Dataset entries:
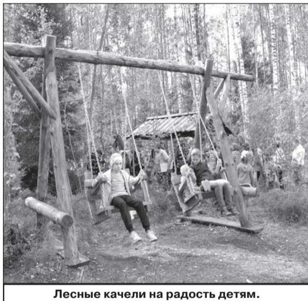
Лесные качели на радость детям.

В процессе обслуживания первой очереди нового микрорайона
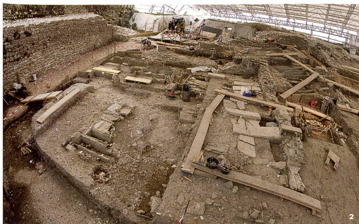
Fig. 2 Esplanade de Saint-Antoine, galerie ouest de l'église avec ses pierres tombales, vue du nord.
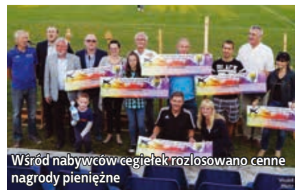
Wśród nabywców cegiełek rozlosowano cenne nagrody pieniężne
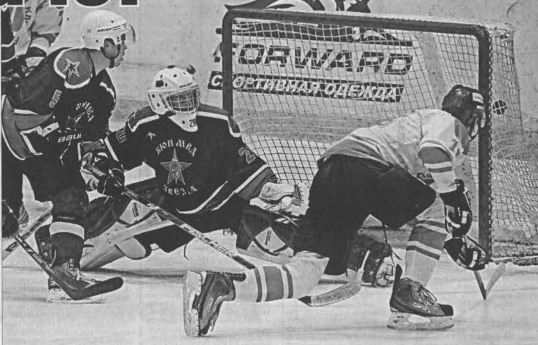
В матче-открытии гости были неудержимы.

дил уже по другому сценарию. Хозяева «отрулили» в ворота соперников семь шайб, пропустив лишь две, взяв убедительный реванш за поражение днём ранее. Шайбы в ворота соперников забивали студенты БЮИ, АГАУ и АЛПТУ. Календарь игр составлен таким образом, что студенты играют каждые выходные, чередуя матчи дома и на выезде. Второй тур сборной вузов края, которая тренируется на хоккейной ко-
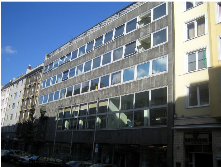
Gerhart-Hauptmann-Haus (2011)
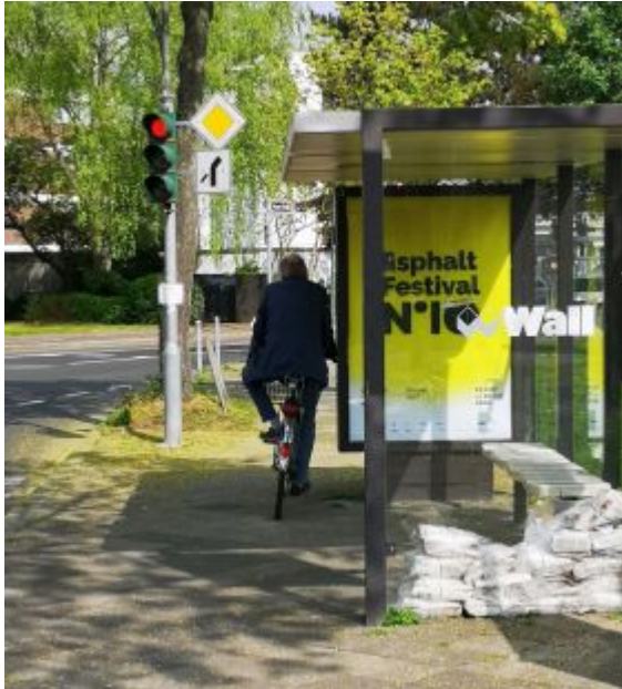
Haltestelle in Lierenfeld

Work instructions:
The required output is each line above restated verbatim, with all images omitted.

Answer to this task:
Лесные качели на радость детям.

В процессе обслуживания первой очереди нового микрорайона
Fig. 2 Esplanade de Saint-Antoine, galerie ouest de l'église avec ses pierres tombales, vue du nord.
Wśród nabywców cegiełek rozlosowano cenne nagrody pieniężne
В матче-открытии гости были неудержимы.

дил уже по другому сценарию. Хозяева «отрулили» в ворота соперников семь шайб, пропустив лишь две, взяв убедительный реванш за поражение днём ранее. Шайбы в ворота соперников забивали студенты БЮИ, АГАУ и АЛПТУ. Календарь игр составлен таким образом, что студенты играют каждые выходные, чередуя матчи дома и на выезде. Второй тур сборной вузов края, которая тренируется на хоккейной ко-
Gerhart-Hauptmann-Haus (2011)
Haltestelle in Lierenfeld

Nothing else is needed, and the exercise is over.